Still think they’re nothing but bullshit artists? Fine. Go to ToorCon and see for yourself. David Maynor has leaked that he and Johnny plan on doing some live demos on multiple platforms. Don’t expect to see any 0day exploit against any platform, especially a Mac, but you can at least satisfy your curiosity that these guys are the real deal, the third party demonstration was legitimate, and Maynor and Ellch are serious, responsible, researchers with other presentations under their belts. I’m sure they’ll walk you through the technical details.

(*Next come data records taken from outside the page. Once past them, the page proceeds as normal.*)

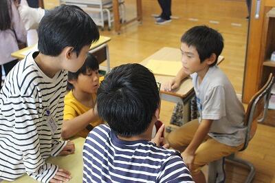校舎を一回りした後に校長室に戻ると、ちょうど4人の子ども達が反省会をしていました。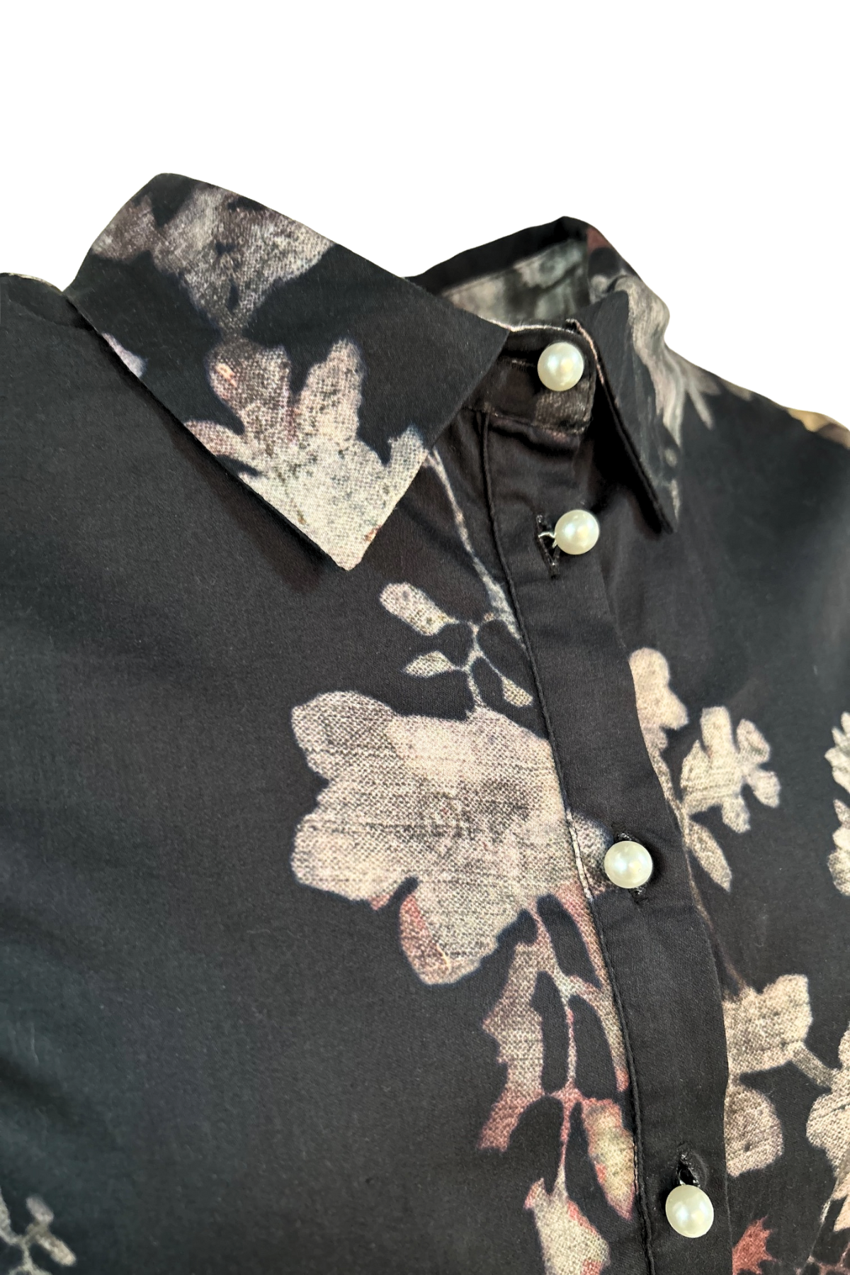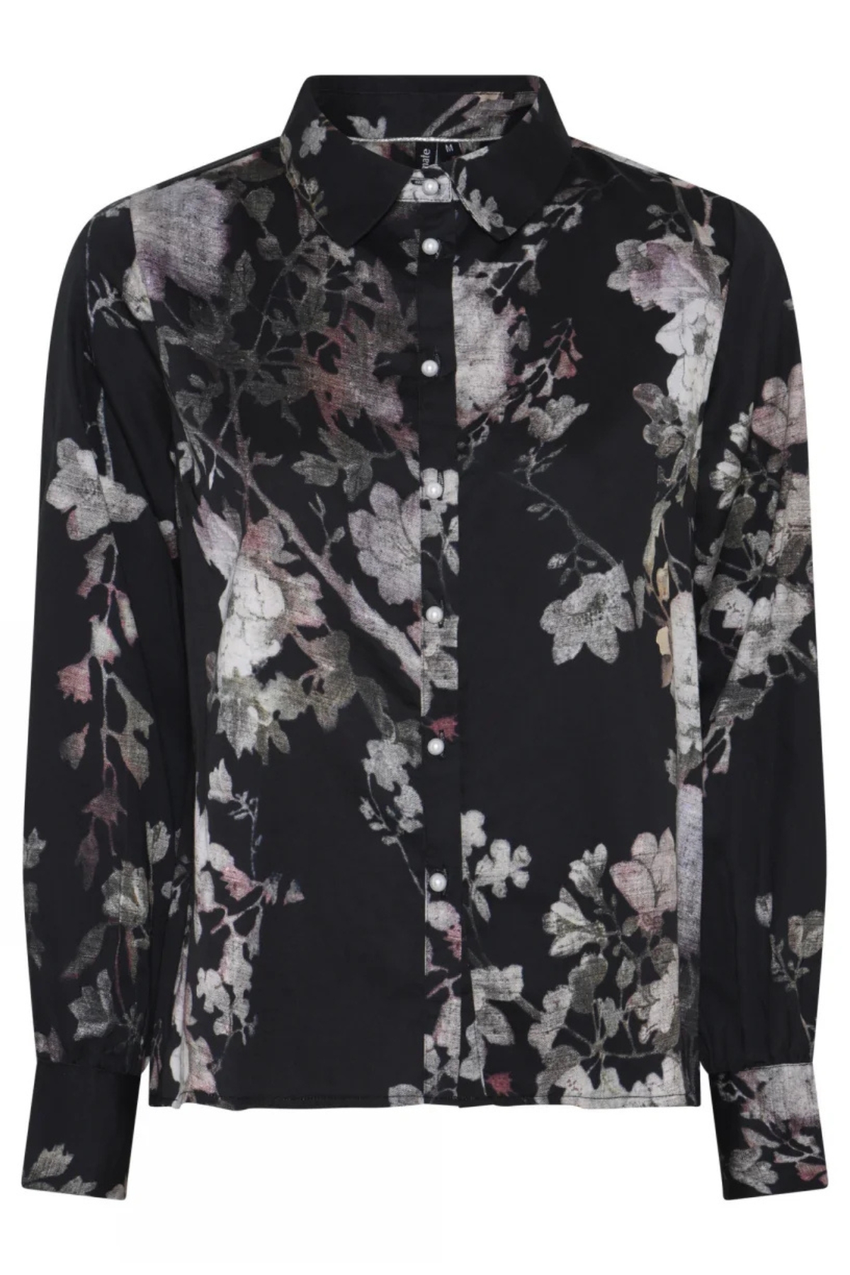 Soulmate Blus Boogie är en elegant svart blus med ett vackert mörkblommigt mönster – en perfekt balans mellan klassiskt och modernt. Blusen har en klassisk skjortkrage och sju pärlknappar framtill, samt matchande pärlknappar i manschetterna som ger ett lyxigt och sofistikerat uttryck.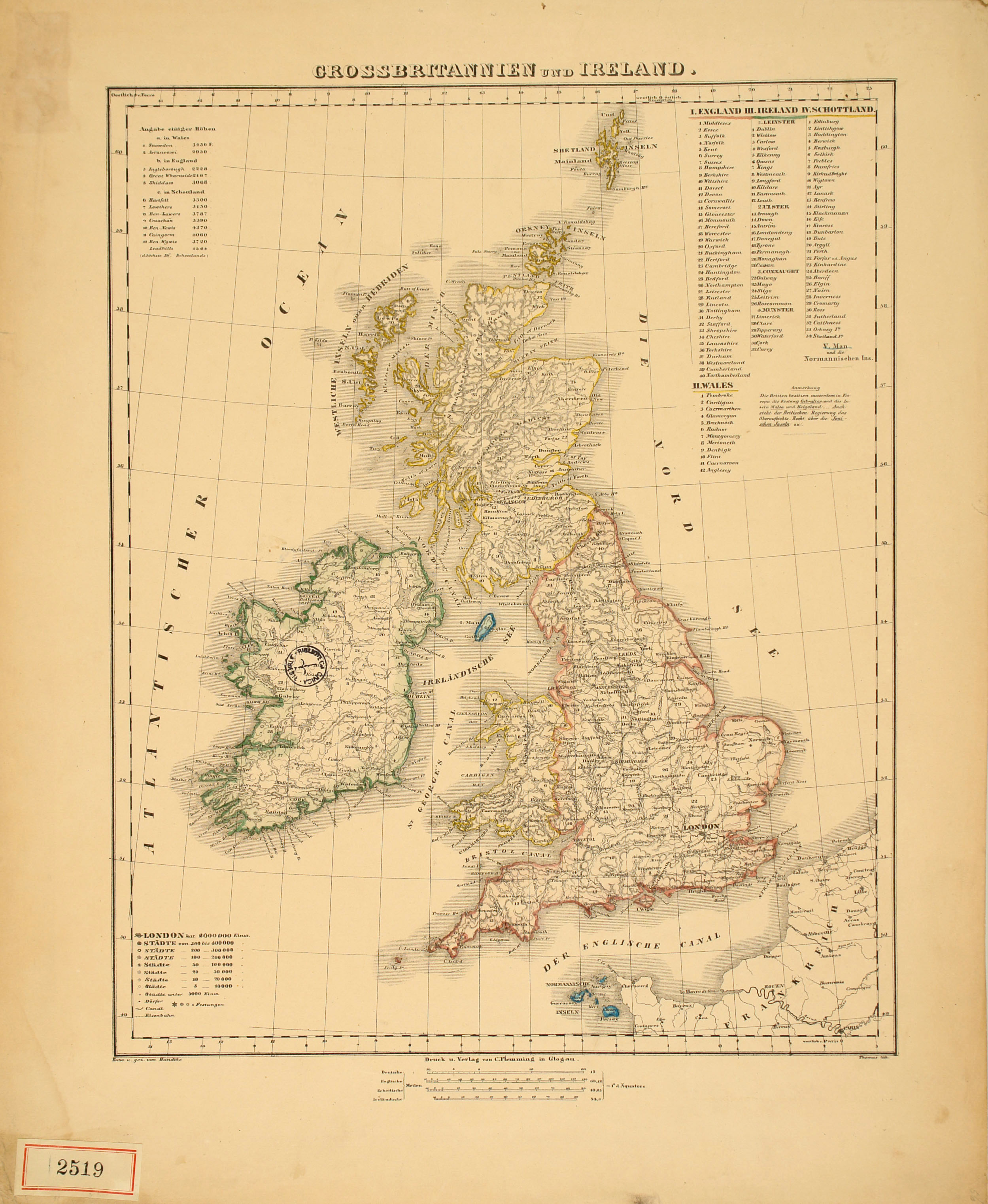 *Grossbritannien und Ireland / entw. u. gez. von Handkte ; Thomas lith. - Deutsche Meilen 20=[4 cm circa 1:3 700 000]. - Glogau : Druck u. Verlag von C. Flemming, [184.?]. - 1 carta geografica : litografia color.; 37x30 cm.

Look, we all want to know if there’s some vulnerability in our Macs. There are. Plenty of them. Most of which haven’t been discovered yet. No operating system is immune to security vulnerabilities, but I’ve chosen Macs for me and my family because I consider them more secure than other platforms. Is there a wi-fi vulnerability on default Macs? Maybe, but I still plan on using my MacBook Pro at the local coffee house until I hear of some in-the-wild exploit.

Drop the challenge, John. Let any potential “interesting discussions” continue on their own. Just because they don’t want to validate something printed by a reporter doesn’t mean Maynor and Ellch are trying to attack Apple or pull a fast one on us Mac users. Escalating the situation helps no one. Maynor already apologized at Defcon, in front of probably a thousand or more attendees, 2 days after Black Hat, that the trash-talking-Mac quote in Krebs’ article was nothing more than joking around off the record, and never meant for publication. Calling these two liars and personally attacking them without validating through anything other than newspaper reports and blog posts isn’t close to fair.

My challenge to you? Go to ToorCon. Watch the presentation. Ask questions. You probably won’t learn if your Mac is vulnerable, but you will learn these guys know what they’re talking about.